Between 1734-1738 he worked in Prague and in the north Bohemia. His most important works of this period are: two altarpieces with Saint Apollonia and Saint Agata for Loreta Church in Prague, Saint Norbert for Strahov Monastery, Saint John at Patmos for Cistercian abbey church in Osek, Teplice District and an enthroned Virgin Mary, surrounded by St. Anthony, St. John of Nepomuk and St. Wenceslaus (National Gallery in Prague); this group of works shows the influence of Johann Christoph Lischka and Petr Brandl.

In 1738, he was summoned to Dresden, where he received several commissions related to the wedding of Princess Maria Amalia and King Charles VII of Naples (later Charles III of Spain). He made numerous sketches for altar and ceiling paintings at the court church that were never executed. That same year, Frederick Augustus II, the Elector of Saxony, presented him with a scholarship to study in Rome, where he may have worked with Francesco Trevisani. Upon his return in 1741, he was appointed a court painter.

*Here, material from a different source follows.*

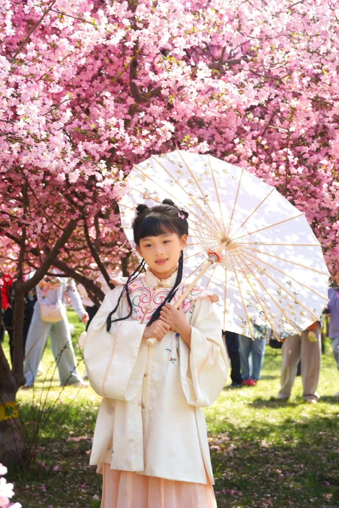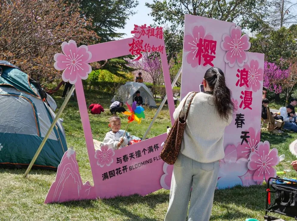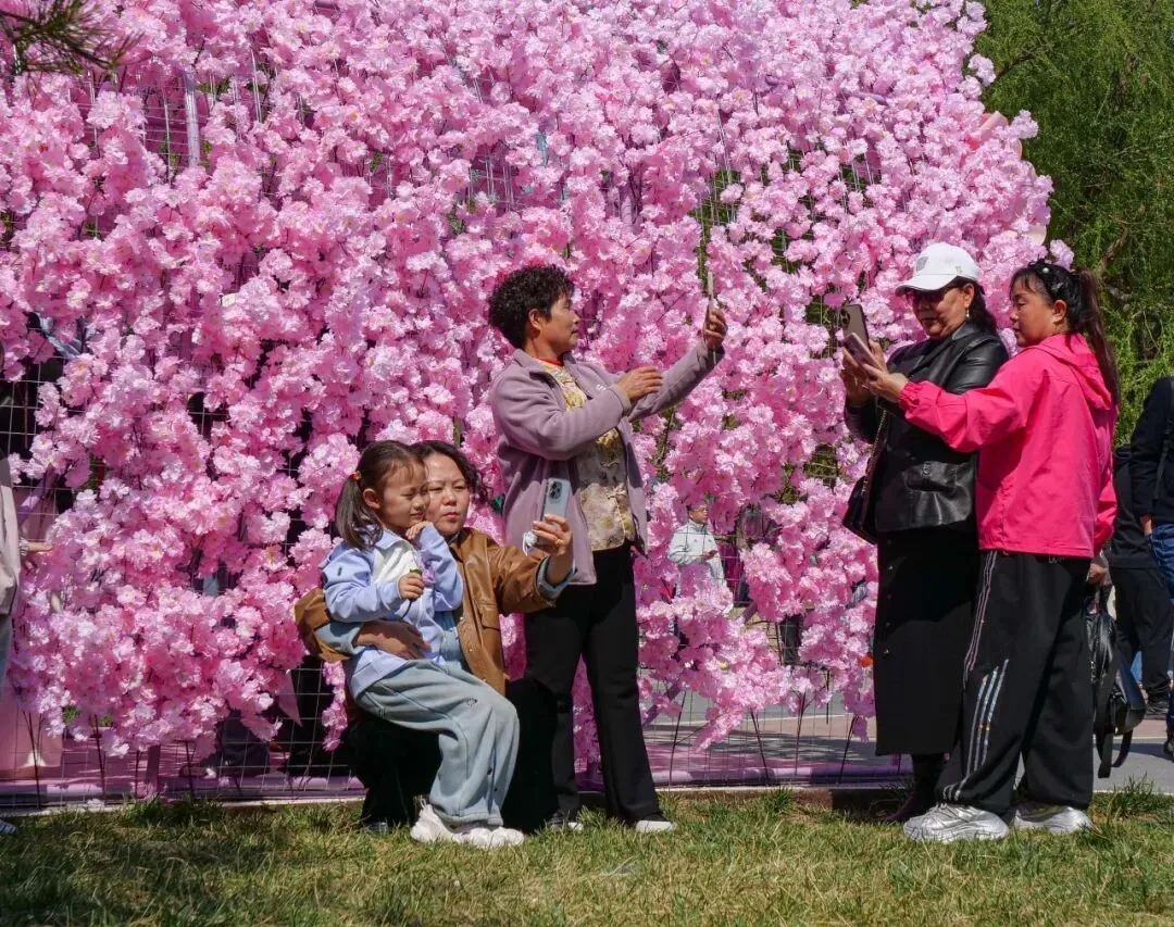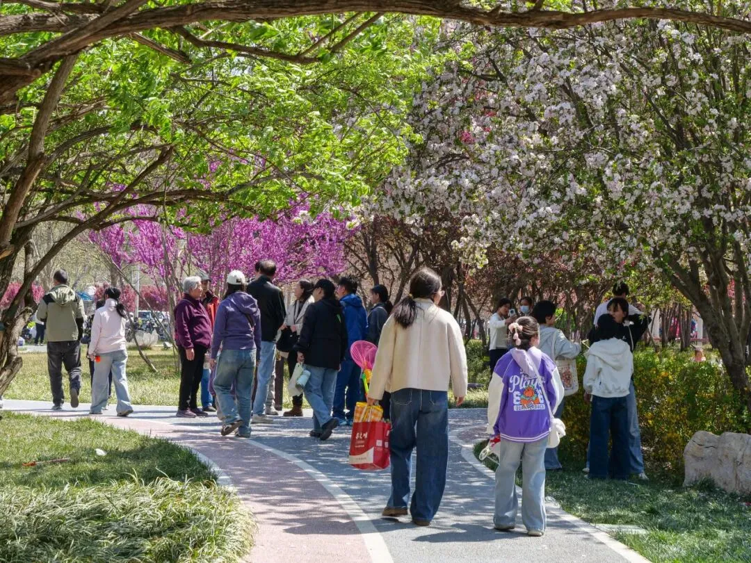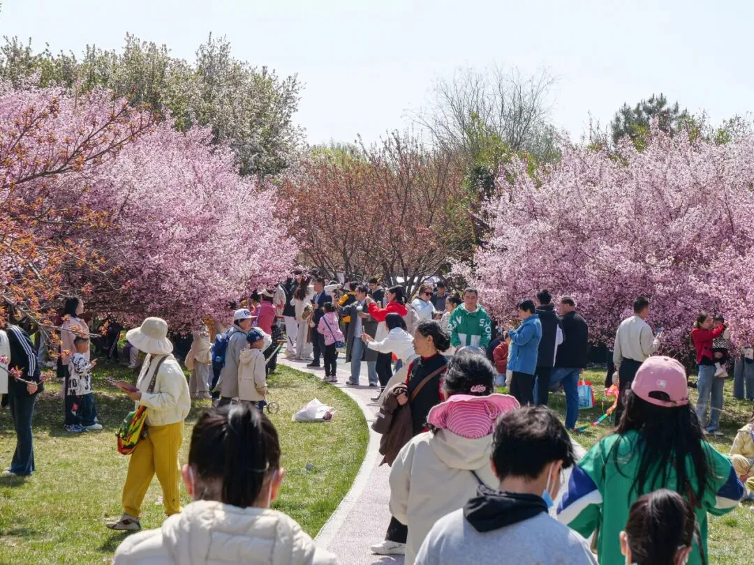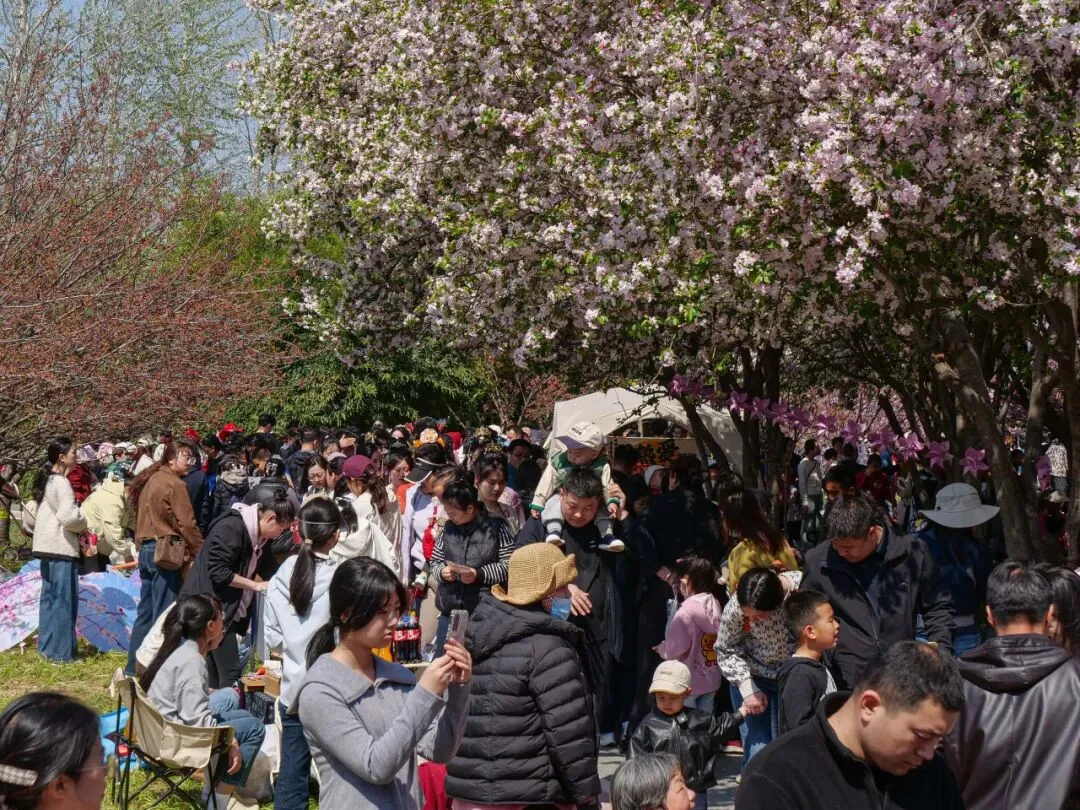 繁花缀满枝头,正是拍照好时节!游客们或站在树下浅笑回眸,或与家人好友并肩合影,花海作背景,每一张照片都自带温柔滤镜,将春日的美好定格成册。

He died in Dresden.

In his last years, he turned to mythological subjects and developed stylistic elements that would later become part of the Rococo style. In 1747 he became ill, with an unknown ailment, and died the same day.

His older brother, Benedict (1704-c.1777), was also an artist and court painter in Saxony, who specialized in landscapes and restorations.